Art Theft: One Of The Most Fascinating and Famous Cases in History



Art theft is an complicated and ancient crime. When you take a look at the some of the most famous cases of art thefts in history, you see thoroughly prepared operations that include art dealerships, art fakers, mobsters, ransoms, and countless dollars. Here you can read about some of the most well-known cases of art theft in the history.

The First Theft:
The very first documented case of art theft remained in 1473, when 2 panels of altarpiece of the Last Judgment by the Dutch painter Hans Memling were taken. While the triptych was being transported by ship from the Netherlands to Florence, the ship was attacked by pirates who took it to the Gdansk cathedral in Poland. Nowadays, the piece is revealed at the National Museum in Gdansk where it was just recently moved from the Basilica of the Assumption.

One Of The Most Famous Theft:
The most popular story of art theft includes among the most well-known paintings in the world and one of the most famous artists in history as a suspect. In the night of August 21, 1911, the Mona Lisa was taken from the Louver. Quickly after, Pablo Picasso was apprehended and questioned by the authorities, however was launched rapidly.

It took about 2 years until the mystery was resolved by the Parisian cops. It turned out that the 30 × 21 inch painting was taken by among the museum workers by the name of Vincenzo Peruggia, who simply brought it concealed under his coat. Peruggia did not work alone. The criminal offense was carefully performed by a well-known con guy, Eduardo de Valfierno, who was sent by an art faker who planned to make copies and sell them as if they were the initial painting.

While Yves Chaudron, the art faker, was hectic creating copies for the well-known masterpiece, Mona Lisa was still hidden at Peruggias apartment or condo. Ultimately, Peruggia was captured by the police while trying to sell the painting to an art dealership from Florence, Italy.

The Most significant Theft in the U.S.A:
The biggest art theft in United States took location at the Isabella Stewart Gardner Museum.
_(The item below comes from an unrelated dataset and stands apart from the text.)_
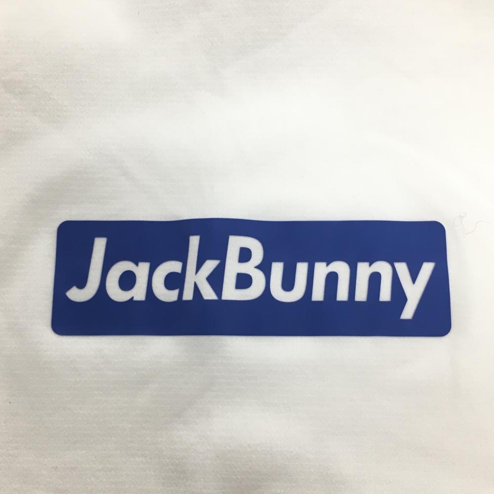 【超美品】ジャックバニー 半袖ハイネックシャツ 白×ブルー フロント・後ろネック下ロゴ メンズ 6(XL) ゴルフウェア Jack Bunny

On the night of March 18, 1990, a group of burglars using cops uniforms burglarized the museum and took thirteen paintings whose cumulative value was estimated at around 300 million dollars. The thieves took 2 paintings and one print by Rembrandt, and works of Vermeer, Manet, Degas, Govaert Flinck, in addition to a French and a Chinese artifact.

As of yet, none of the paintings have actually been discovered and the case is still unsolved. Inning accordance with current reports, the FBI are examining the possibility that the Boston Mob in addition to French art dealers are linked to the crime.

The Scream:
The painting by Edvard Munchs, The Scream, is probably the most searched for painting by art thieves in history. It has actually been stolen twice and was just recently recuperated. In 1994, during the Winter Olympics in Lillehammer, Norway, The Scream was taken from an Oslo gallery by two thieves who broke through an open window, set off the alarm and left a note saying: thanks for the poor security.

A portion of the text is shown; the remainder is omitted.